▶ [HOW TO COMPLETE THIS TASK] Each line below that carries the string "casarão" must appear in the answer.
START EXTRACTED INFORMATION
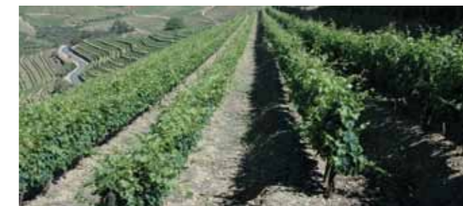
Vinha em patamares estreitos com um só bardo.
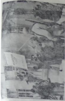
"A moi, l'air!" Les Français et les Américains célèbrent à sa "désoccupation"
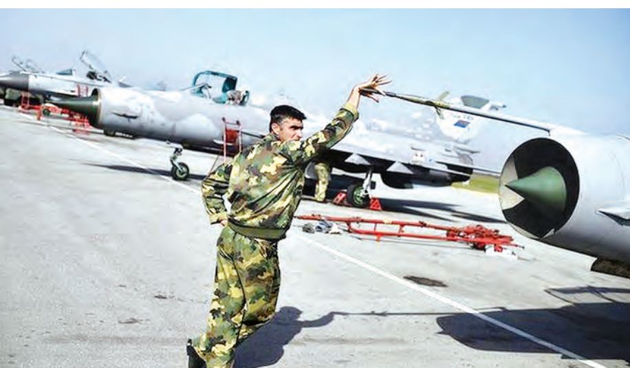
မန်က ပြောခဲ့သည်။ ရိုက်တာ သတင်းဌာနသည် အဆိုပါသတင်းနှင့် ပတ်သက်ပြီး ချက်ချင်းအတည်မပြုနိုင်သေးပေ။ အမေရိကန် ဗဟိုကွပ်ကဲရေးဌာနက ဆီးရီးယားတွင် လေယာဉ်ပျံသန်း မောင်းနှင်ခဲ့ခြင်းသည် အိုင်အက်စ်တို့ကို လုံးဝဂရုမစိုက်သည့်သဘော ဖြစ်ကြောင်း ပြောခဲ့သည်။ အမေရိကန် ဦးဆောင်သော တပ်ဖွဲ့များသည် ဆီးရီးယားနှင့် အီရတ်အခြေစိုက် အိုင်အက်စ်စစ်

ကိုဘာနီ အောက်တိုဘာ ၁၈ ဆီးရီးယားနိုင်ငံရှိ အိုင်အက်စ်စစ်သွေးကြွအဖွဲ့ထံ ဝင်ရောက်သွားသည့် အီရတ်ပိုင်းလော့များက အသိမ်းခံ ဂျက်လေယာဉ်သုံးစင်းကို မောင်းနှင်နိုင်ရန် အဖွဲ့ဝင်များကို လေ့ကျင့်ပေးနေသည်။ အဆိုပါအဖွဲ့သည် စစ်ပွဲကို ထိန်းချုပ်ထားသူများဖြစ်ကြောင်း သောကြာနေ့က ပြောခဲ့သည်။ ထိုသို့ မောင်းနှင်မှုသည် စစ်သွေးကြွအုပ်စုအတွက် ပထမဆုံးအကြိမ် လေယာဉ်မောင်းနှင်မှုပင်ဖြစ်သည်။ ဆီးရီးယားနှင့် အီရတ်တစ်ခွင်ကို သိမ်းပိုက်ခဲ့သော အဆိုပါ အုပ်စုသည် အလက်ပိုအရှေ့ဘက် သိမ်းပိုက်ခံ အယ်ဂျာရာဟ် စစ်လေတပ်စခန်းပေါ်တွင် လေယာဉ်ပျံသန်းမောင်းနှင်ခဲ့ကြောင်း ဗြိတိန်အခြေစိုက် ဆီးရီးယားလူ့အခွင့်အရေး လေ့လာစောင့်ကြည့်သူ ရာပီအဗ္ဗဒူရာ
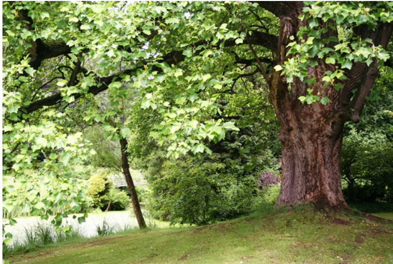
Sint-Niklaas Belsele Groenhof Amerikaanse tulpenboom stam
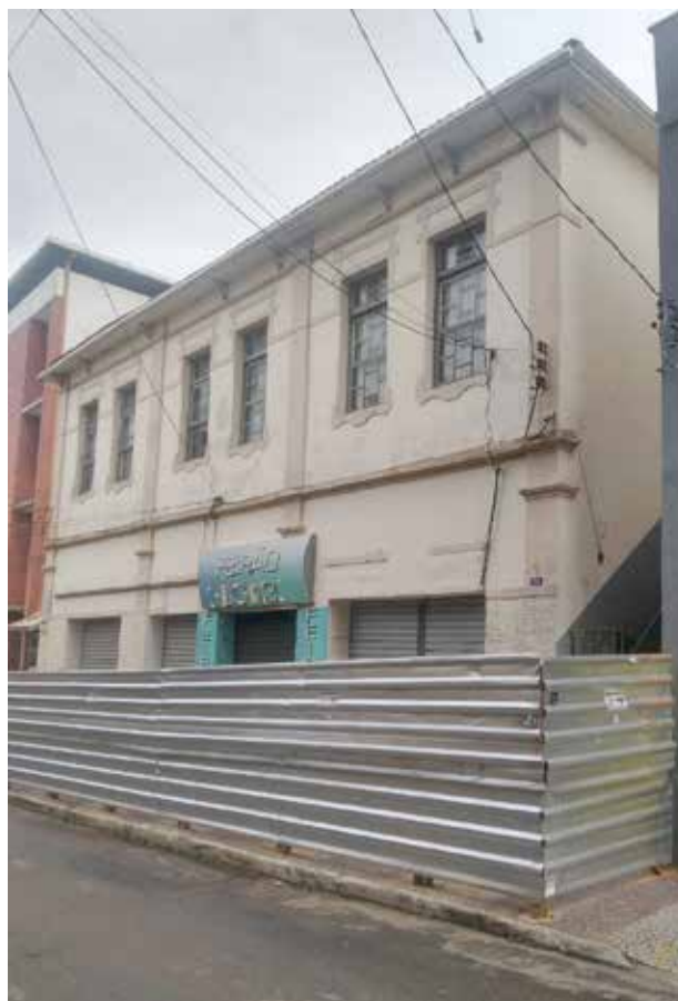
O destino do casarão continua indefinido e os pedestres sem onde passar

O que a maioria questionava na ocasião era que, no caso de eventual queda do casarão, não somente as pessoas que estivessem passando pela calçada corriam riscos, mas os carros, motos e bicicletas na
END EXTRACTED INFORMATION
▶ [COMPLETED EXERCISE]
O destino do casarão continua indefinido e os pedestres sem onde passar
O que a maioria questionava na ocasião era que, no caso de eventual queda do casarão, não somente as pessoas que estivessem passando pela calçada corriam riscos, mas os carros, motos e bicicletas na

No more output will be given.